Data section Start Marker
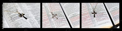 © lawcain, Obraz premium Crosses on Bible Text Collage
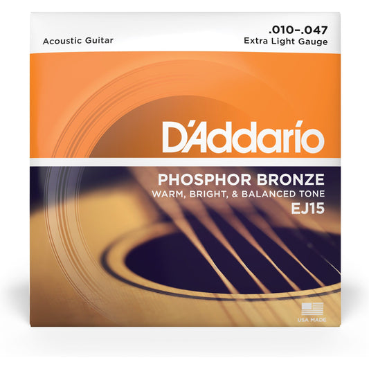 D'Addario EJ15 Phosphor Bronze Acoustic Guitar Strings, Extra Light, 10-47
Data section End Marker
Data section Start Marker
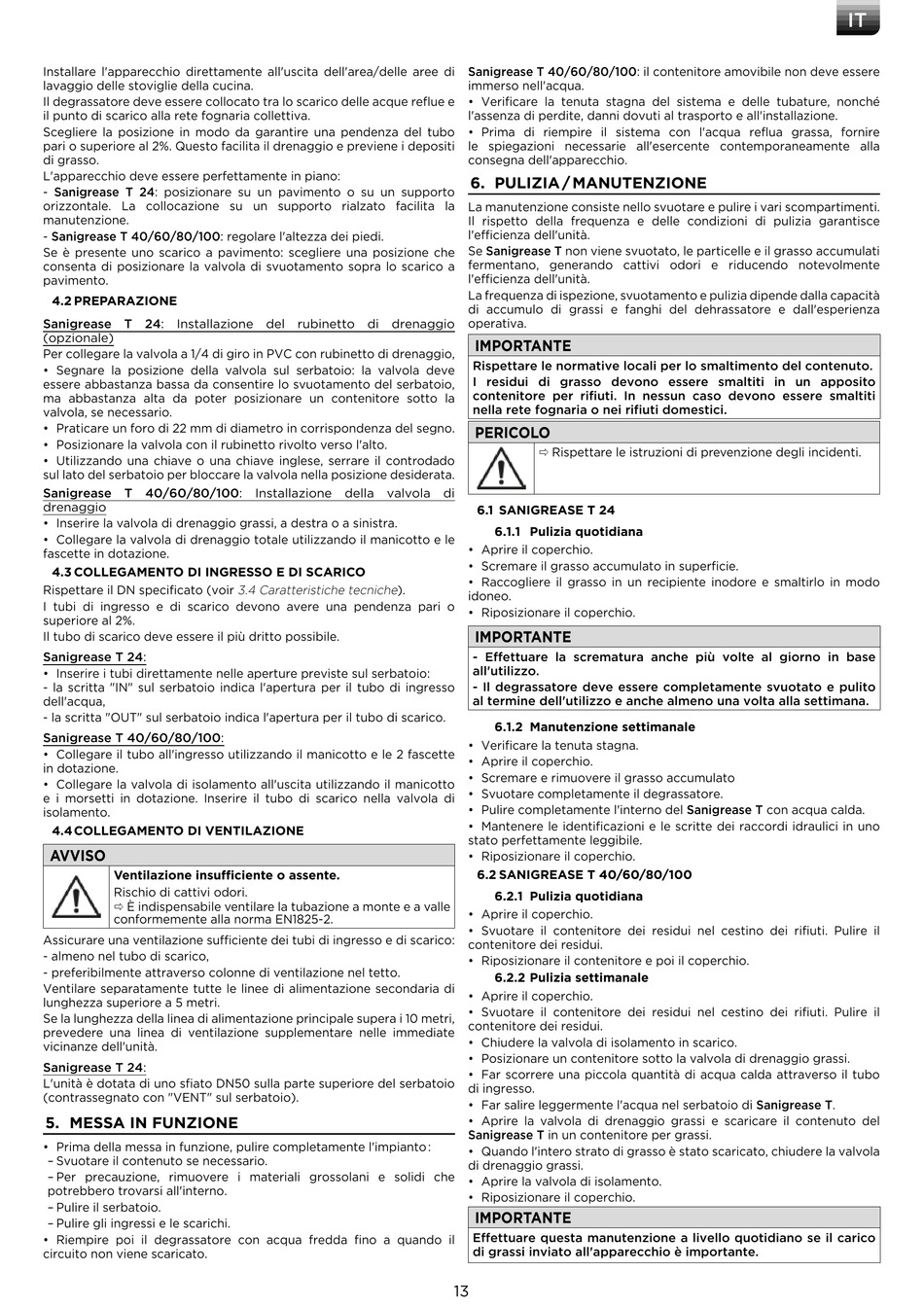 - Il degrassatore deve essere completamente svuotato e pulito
Data section End Marker
What this task involves:
Above are the records; return the lines in them from the one with "Bible Text Collage" to the one with "D'Addario EJ15 Phosphor", inclusive, exactly and without images.

Answer to the exercise:
 © lawcain, Obraz premium Crosses on Bible Text Collage
 D'Addario EJ15 Phosphor Bronze Acoustic Guitar Strings, Extra Light, 10-47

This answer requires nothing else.